Marcus Hughes, Director of Business Development at Bottomline Technologies agrees. “That’s the big one,” he explains. But is any of this likely to be on the treasury agenda in the immediate future? Would extending the project globally not place an even larger and, more to the point, unnecessary burden on treasury resources? After all, for most corporates, SEPA migration in Europe was a difficult enough task.

The answer is that, as with eBAM and e-mandates, the efficiency benefits should more than justify the extra work (although this is of course easier said than done). Unlike in years past, there is also now a clear opportunity. Previously, differing national laws and regulations have meant global payments infrastructures remained fragmented. Thanks to the work that the SWIFT Common Global Implementation (CGI) initiative has put in over recent years, that could be about to change. Through the CGI initiative, over 30 banks and a handful of technology providers – including Bottomline Technologies – have collaborated to approve a suit of ISO 20020 XML standards that can be used for many different payment types, and so replacing the need for corporates to support bespoke, domestic formats.

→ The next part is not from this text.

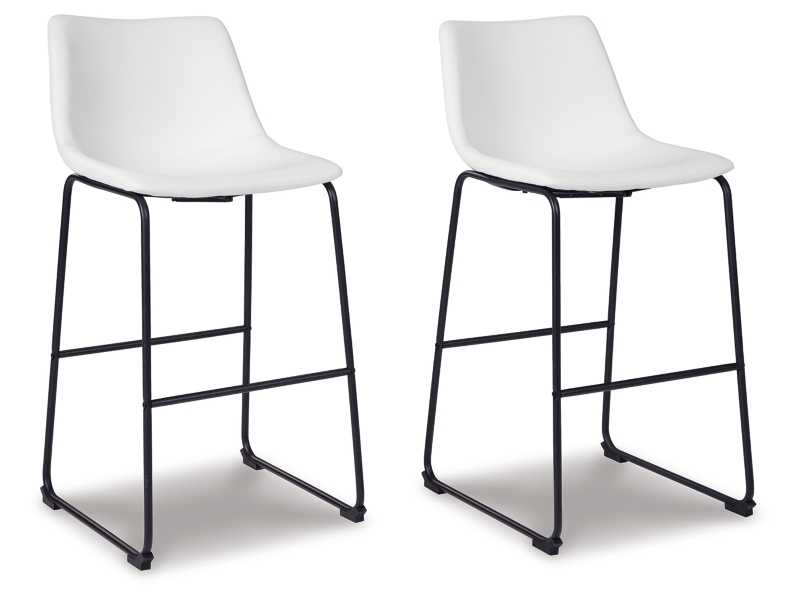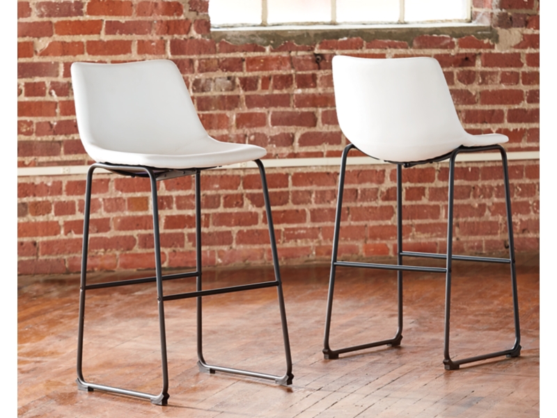 With its distinctive contoured bucket seat and tubular metal base, this set of 2 bar stools serves up a fresh twist on mid-century inspired style. Contrasting white faux leather upholstery adds to the aesthetic. What a timeless look for eat-in kitchens and casually cool dining rooms.

Corporates in Europe who have migrated to SEPA will therefore be in a good position to explore such opportunities now. Those that do may find that, at some point down the line, they are able to reach the ultimate benchmark in cash management efficiency and transparency: a global payments factory working on behalf of all the business’s international entities. “That is exactly what XML is designed to do,” adds Hughes. “It is the logical follow on, and it really makes payment and collection factories possible, not just in the Eurozone but in other countries across the globe too.”